Step-by-Step Instructions
- In a large bowl, combine the breadcrumbs and milk. Let them soak for a few minutes until the breadcrumbs absorb the milk.
- Add the ground beef, ground pork, feta cheese, egg, garlic, onion, parsley, mint, oregano, lemon zest, salt, and pepper to the bowl. Mix everything together until well combined. Be careful not to overmix, as this can make the meatballs tough.
- Shape the mixture into small balls, about 1 inch in diameter. You should have around 20-24 meatballs.
- Heat the olive oil in a large skillet over medium heat. Add the meatballs in batches, making sure not to overcrowd the pan.
- Cook the meatballs for about 8-10 minutes, turning occasionally, until they are browned on all sides and cooked through.
- Remove the meatballs from the skillet and let them drain on a paper towel-lined plate.

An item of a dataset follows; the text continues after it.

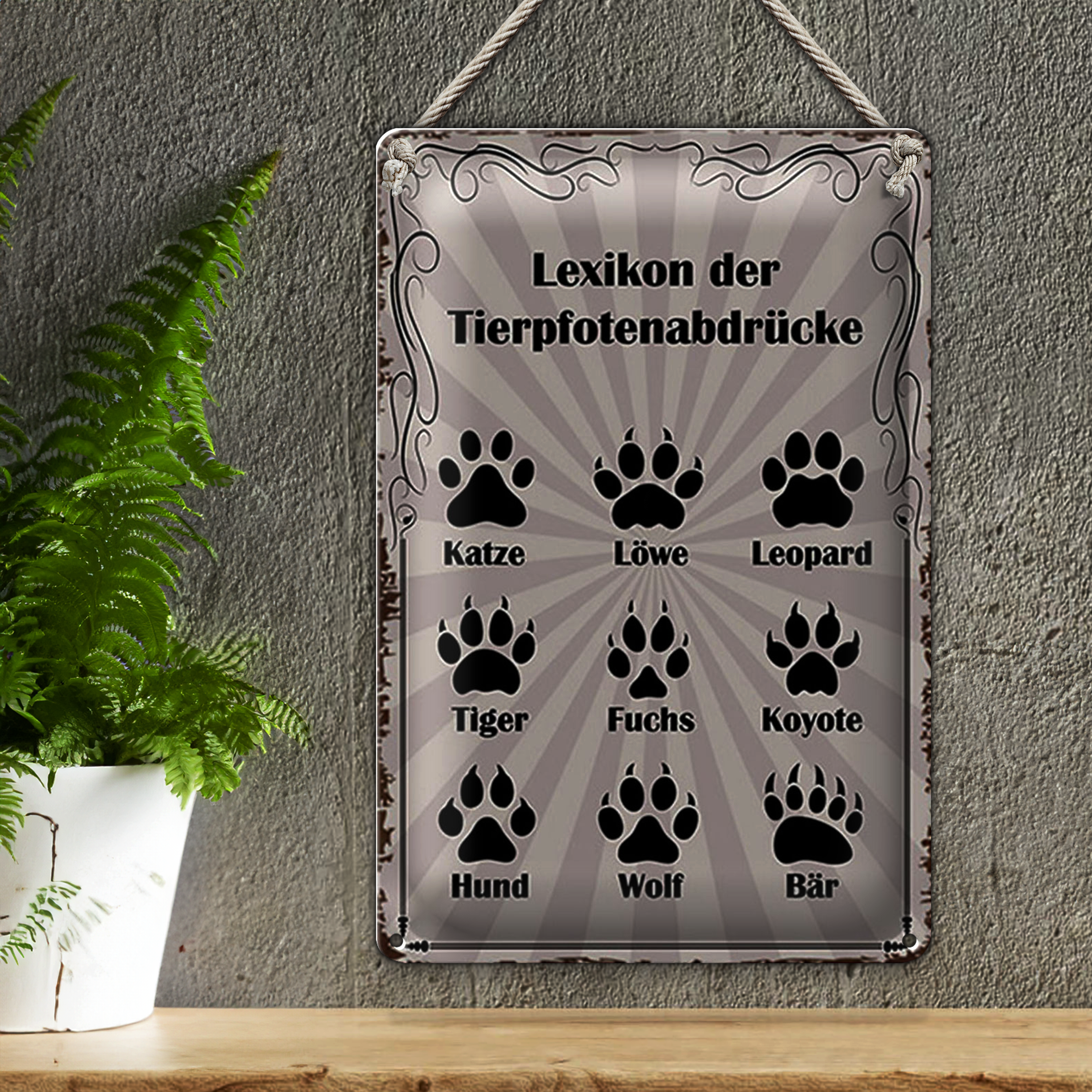 Blechschild Spruch 20x30cm Lexikon Tierpfotenabdrücke Tiere

What Makes This Recipe Special
- Quick and easy to prepare
- Packed with flavor and nutrition
- Perfect for any occasion
- Customizable to your taste preferences
- Budget-friendly ingredients
Expert Tips for Success
To ensure your Greek meatballs are the softest and juiciest, avoid overmixing the meat mixture. This can lead to dense meatballs. Instead, gently combine the ingredients until just mixed. Additionally, using a mixture of beef and pork adds a depth of flavor and helps keep the meatballs tender.
Cooking Tools
When I make this recipe, a few simple tools always make prep faster and cleaner. My go-to tool is the MOSFiATA 8″ Professional Chef’s Knife for chopping the herbs and onions finely. To ensure the meatballs are cooked to perfection, I rely on the MEATER SE Smart Meat Thermometer. This makes it easy to get them just right without any guesswork.

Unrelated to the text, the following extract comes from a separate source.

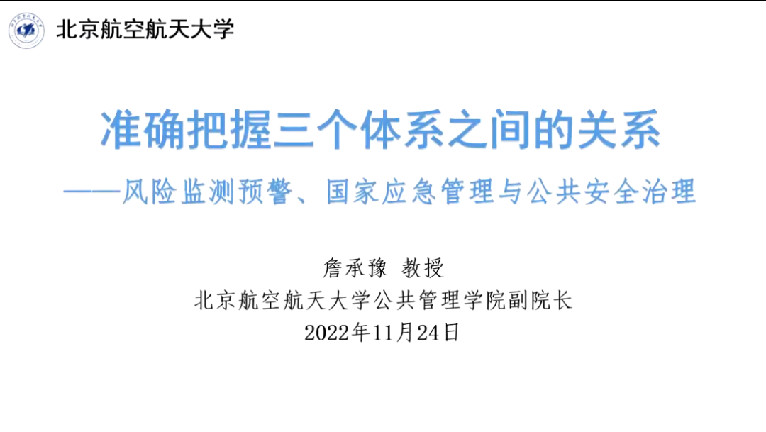 北京航空航天大学565net必赢副院长詹承豫教授作了题为《准确把握三个体系之间的关系——风险监测预警、国家应急管理与公共安全治理》的报告。首先,詹教授从党的二十大报告中对“推进国家安全体系和能力现代化”的相关论述引入,提出要进一步完善风险监测预警、国家应急管理与公共安全治理三个体系的建设。然后,詹教授对三个体系之间的关系进行了阐述,他指出,风险、应急和安全是推动国家安全体系和能力现代化的三个维度,三者既相互区别又相互支撑。最后,詹教授分别对风险监测预警体系、国家应急管理体系与公共安全治理体系进行了详细的论述,他提出,要加快建立大安全大应急框架,将关键领域及时纳入公共安全体系,确保群众关切领域的安全,真正做到将公共安全风险化解于萌芽之时、成灾之前,切实推动公共安全治理模式向事前预防转型。

Variations and Substitutions
If you’re looking to switch things up, consider using ground lamb instead of pork for a more traditional Greek flavor. For a vegetarian twist, you can substitute the meat with a plant-based ground meat alternative. To make the recipe dairy-free, simply omit the feta cheese or replace it with a dairy-free alternative.
Serving Suggestions
These Greek meatballs are perfect served with a side of tzatziki sauce and a fresh Greek salad. They also pair wonderfully with a side of roasted vegetables or a warm pita bread. For a complete meal, consider serving them over a bed of rice or quinoa.

FAQs
Can I make these meatballs ahead of time?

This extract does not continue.